Q. Could you explain your basic business model?

A. We are a design company specialising in computers, AI, CPUs, and so on. Different users utilise computers in various ways, such as cloud computing, servers, chips, templates, and more. These are just a few consumer methods. Different customers have different preferences for purchasing computers at different stages. Our goal is to make our technology available to people in the manner they prefer to buy it.

Q. What are the benefits of using Tenstorrent AI processors?

A. We are significantly more cost-effective compared to some of our competitors, and we have demonstrated this to multiple individuals. Our hardware is highly optimized for this type of calculation, surpassing traditional GPUs. We are in the process of open-sourcing certain compilers that people are interested in accessing. Several components of the software stack have been proprietary for many researchers and AI programmers. By using open source, we aim to provide access to those components. Furthermore, our chips have native communication capabilities with a large number of other chips, eliminating the need for additional networks.

Q. What challenges does your hardware architecture address?

A. We are currently entering the market with a few customers. Some customers struggle to translate certain types of AI programs into high-performance software tools. Converting algorithms to programs that run efficiently requires considerable effort. Our mission is to simplify the transition from a new model to a fast program.

Another challenge is that certain models require multiple computers to run, making it difficult to expand from a single chip. We are dedicated to making it effortless to scale from a single chip to a large number of chips. While we have made some progress in this area, we continue to work on solving this challenging problem.

Q. What is the advantage of having multiple chips, instead of a single processor?

A. A single server chip is big and very expensive. It’s a single piece of silicon with multiple functions on that one piece. If we divide that chip into four pieces, each piece, called a chiplet, is smaller. You can now put the memory interface on one piece, the network interface on another piece, the IO interface on another and so on. So now each piece is simpler to build.

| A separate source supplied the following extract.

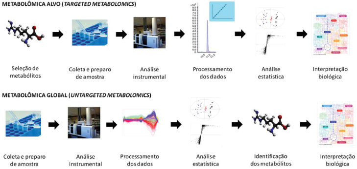 IDepartamento de Química Fundamental, Instituto de Química, Universidade de São Paulo, 05508-000 São Paulo - SP, Brasil Recebido em 12/06/2017 *e-mail: mfmtavar@iq.usp.br Metabolomics is an emerging and promising omics approach used to understand biological mechanisms. By untargeted and targeted metabolomics analyses, metabolites are determined in biological samples (fluids, cells, tissues, etc.) by comparison of control groups with altered groups, undergoing different therapies, submitted to differing stress levels, dietary modulation, or promoted by a disease, or specific condition, etc., using sophisticated analytical techniques, and advanced data treatment and statistical analyses. In this review, the concepts involved in metabolomics studies were presented, describing in details all steps involved in the metabolomics workflow, for untargeted and targeted strategies. Finally, the potential of metabolomics is illustrated by applications in representative areas: clinical, environmental, food and nutrition, forensic toxicology, microbiology, parasitology, plants, and sports. Relevant reviews were compiled to characterize each of these areas, and a corresponding application of untargeted and targeted metabolomics were described. INTRODUÇÃO As ciências ômicas buscam o entendimento do funcionamento celular dos organismos e suas alterações biológicas. Fazem parte deste conjunto de ciências, a genômica (estudo da alteração dos genes), a transcriptômica (estudo das alterações dos transcritos), a proteômica (estudo das alterações das proteínas), e a metabolômica (estudo das alterações dos metabólitos). Metabólitos são produtos intermediários ou finais do metabolismo em uma amostra biológica.1 O conjunto de todos os metabólitos de baixa massa molecular (até 1500 Da), presentes ou alterados em um sistema biológico, é chamado de metaboloma (do inglês, metabolome).2 A pesquisa relacionada a metabólitos vem sendo desenvolvida há décadas, mas em 1999, Nicholson et al. definiram a metabonômica (do inglês, metabonomics), como sendo a medida quantitativa da resposta metabólica de um sistema biológico após estímulos fisiopatológicos ou modificações genéticas.3 Já o termo metabolômica (do inglês, metabolomics) foi introduzido em 2001, por Oliver Fiehn, como sendo a análise abrangente e quantitativa do metaboloma de um sistema biológico.4 Além disso, a literatura nos apresenta outras denominações envolvendo esse campo da ciência, tais como: perfil metabólico (do inglês, metabolic profiling), descrito como sendo a análise de metabólitos previamente selecionados de rotas bioquímicas específicas,5 a impressão digital metabólica (do inglês, metabolic fingerprinting), que é definida como sendo "uma classificação de amostras de acordo com sua origem ou sua relevância biológica",3 e, por último, análise footprinting (ainda sem tradução para o português), para se referir aos metabólitos excretados por uma célula em condições controladas.6 Observa-se, portanto, uma divergência em relação às terminologias aplicadas às análises metabolômicas/metabonômicas, mas o que estas definições possuem em comum é que a resposta medida a nível molecular é obtida a partir de uma visão integrada da bioquímica em organismos complexos.7 Assim sendo, será adotado neste trabalho de revisão duas abordagens para classificar as análises metabolômicas: metabolômica alvo (do inglês, targeted metabolomics), definida como a análise quantitativa de um ou mais metabólitos pré-selecionados de determinada classe química, ou que estejam associados a rotas metabólicas específicas, e metabolômica global (do inglês, untargeted metabolomics), que está baseada na análise qualitativa do maior número de metabólitos possível, pertencentes a diversas classes químicas, contidas no sistema biológico em estudo. Cabe ressaltar que essas abordagens sempre se referem a medidas comparativas entre grupos de amostras. A comparação do metaboloma de um grupo sujeito a alterações ambientais ou genéticas, alimentares, de tratamento terapêutico, etc. (grupo teste), com um grupo de indivíduos não alterados (grupo controle) pode fornecer informações importantes no que diz respeito ao entendimento do fenótipo de um organismo, desempenhando um papel fundamental na biologia de sistemas.8 A metabolômica vem sendo aplicada em diferentes áreas do conhecimento, como análises clínicas, alimentos e nutrição, esportes, ambiental, toxicologia forense, ou análise de organismos patológicos (parasitas, bactérias, fungos), entre outras. Uma revisão detalhada de todas as definições e o fluxograma de trabalho das análises metabolômicas global e alvo foram apresentados em um capítulo de livro, recentemente publicado pelo grupo de pesquisa.9 O intuito deste artigo de revisão é apresentar em linhas gerais o fluxograma de trabalho da metabolômica, com ênfase em algumas particularidades e, por fim, destacar artigos de revisão e aplicações em análises global e alvo das grandes áreas estudadas sob o ponto de vista da metabolômica. Fluxograma de Trabalho Para se desenvolver estudos metabolômicos, global e alvo, recomenda-se seguir uma série de etapas, que estão apresentadas resumidamente na Figura 1, e que serão discutidas com mais detalhes nas próximas seções.

We’ve talked to a whole bunch of companies. Some want to get a speciality in network chiplets, or memory chiplets. We want to specialise in AI processor chiplets. If a company wishes to build a product, they can buy some chiplets as finished pieces and only customise the part that they need to, rather than having to buy all the pieces, as it’s just too hard and expensive. Chiplets can be used to break one big problem into smaller problems, and smaller companies can independently solve those problems.

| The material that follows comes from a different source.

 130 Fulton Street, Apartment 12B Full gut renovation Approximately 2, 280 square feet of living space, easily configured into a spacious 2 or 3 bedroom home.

Q. Are there any limitations to power with so many chips running?

A. Power management is a significant challenge when designing chips. We implement a power management system to monitor consumption and temperature, adjusting the clock and voltage to optimize performance. We have carefully chosen the size of our chip to strike the right balance.

The brain consists of clusters of cells, and the same principle applies to AI processors. If the clusters are too large, communication becomes difficult; if they’re too small, frequent communication with other components becomes necessary. We actively manage the trade-off between computation power and networking capabilities, ensuring efficient power utilization. We closely monitor power consumption and temperature to maintain limits when building a rack of computers. This enables effective control of computation across the system.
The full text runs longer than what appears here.